Exercise directions: Line by line, restate the material word for word, omitting any image.

Collected material:
# # # #
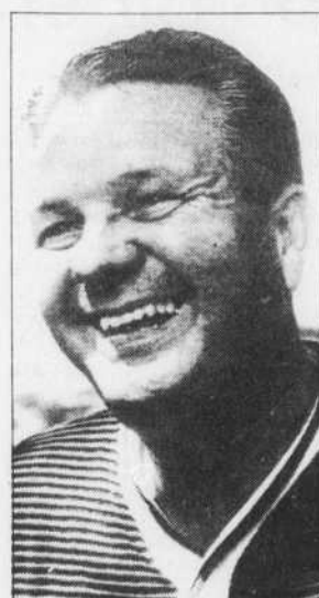
Le légendaire Jimmy Demaret est décédé d'une crise cardiaque à l'âge de 73 ans, hier.

Les Suédois et les Soviétiques, toujours invaincus en trois rencontres, dominent le classement, suivis des Canadiens, des Tchécoslovaques et des Finlandais qui ont remporté deux victoires et subi une défaite. Quant aux Américains, ils ont encaissé hier un troisième revers d'affilée. Ils ont déjà concédé 19 buts et ils n'ont marqué que quatre buts en trois matches. Les Allemands de l'Ouest et la Suisse occupent également le dernier rang.
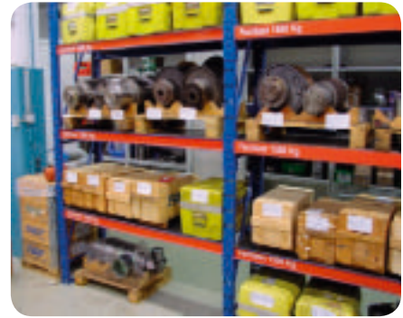
Einlagerung von Spindeln
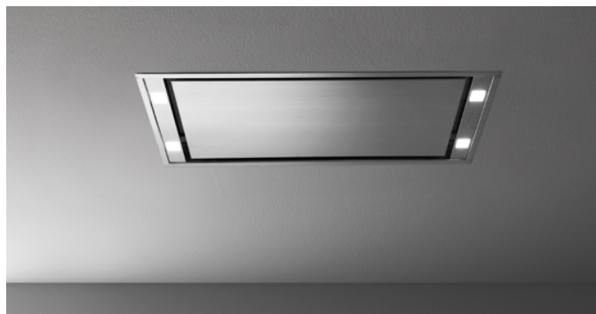
Fotografie cu caracter strict orientativ Aceasta poate sa nu corespunda versiunii selectate
# # # #
Answer space:
Le légendaire Jimmy Demaret est décédé d'une crise cardiaque à l'âge de 73 ans, hier.

Les Suédois et les Soviétiques, toujours invaincus en trois rencontres, dominent le classement, suivis des Canadiens, des Tchécoslovaques et des Finlandais qui ont remporté deux victoires et subi une défaite. Quant aux Américains, ils ont encaissé hier un troisième revers d'affilée. Ils ont déjà concédé 19 buts et ils n'ont marqué que quatre buts en trois matches. Les Allemands de l'Ouest et la Suisse occupent également le dernier rang.
Einlagerung von Spindeln
Fotografie cu caracter strict orientativ Aceasta poate sa nu corespunda versiunii selectate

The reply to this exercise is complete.